## Abstract

This paper resolves analytically a mathematical model that reproduces the transmission of Covid-19 in three interactive populations, *i.e.* from the initial source of contagion associated with the bat population, subsequently transmitted to unknown host (usually associate with pangolins). The host were sent and distributed to Seafood Market in Wuhan (defined reservoir), and finally infected to the human population. The model is based on a system of ten differential equations reproducing all the possible infection scenarios among all of them, that is: (1) there is no infection in any of the three populations, (2) only the population of bats is infected, (3) only the pangolins, (4) only the human people. Later, combinations between them, this is: (5) both the bat and pangolin populations, (6) bats and humans, (7) pangolins and humans, and finally, (8) all the previous populations. In each scenario, I deduced the critical points as well as the eigenvalues that indicate the equilibrium conditions. Finally, it is demonstrated the validity of the model with the data corresponding to the second wave of infections in Australia.

##### Author Contributions

**Academic Editor: **Jose Luis Turabian, Health Center Santa Maria de Benquerencia Toledo, Spain.

**Checked for plagiarism:** Yes

**Review by: **Single-blind

**Copyright **© 2021 Raúl Isea

**License**

**Competing interests**

The authors have declared that no competing interests exist.

**Citation:**

*International Journal of Coronaviruses*- 2(4):1-8.

## Introduction

The World Health Organization declared a new pandemic caused by a virus called as Severe Acute Respiratory Syndrome Coronavirus 2 (SARS-CoV-2) on March 11, 2020, after the first case detected in the Seafood Market of Wuhan province in China in December 2019. Until January 02, 2021, a little more than 84 million confirmed infections and approximately two million deaths had been reported.

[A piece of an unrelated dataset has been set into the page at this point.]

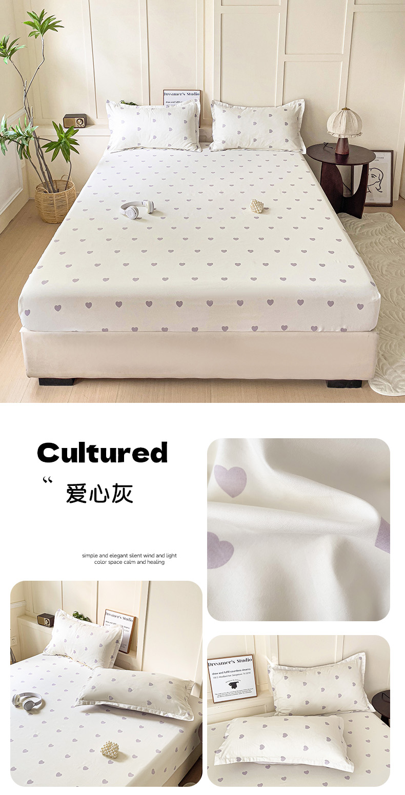 朵朵家纺 2025新款亲肤棉芦荟棉床笠单床笠,磨毛床笠,印花床笠(可定制尺寸 ) 爱心灰

Up-to-date, there is a wide range of mathematical models that explain the spread of the virus, but most of all are based on contagion in the human population ^{1, }^{2, }^{3, }^{4, }^{5}. However, when reviewing the scientific literature, there is a only paper that propose a model to explain the transmissibility and dynamic of the transmission of the virus based on the Bats-Hosts-Reservoir-People model ^{6}. This paper only determined an only equilibrium condition corresponding to the trivial solution of the system. This model is based on the transmission of the virus between three different populations, it means, from the source of contagion in humans originated in bats ^{7}, later transmitted to an unknown host. As indicated Chen *et al*., the host were hunted and distributed in the Seafood Marked in Wuhan (defined as Reservoir), and finally infected to the human population.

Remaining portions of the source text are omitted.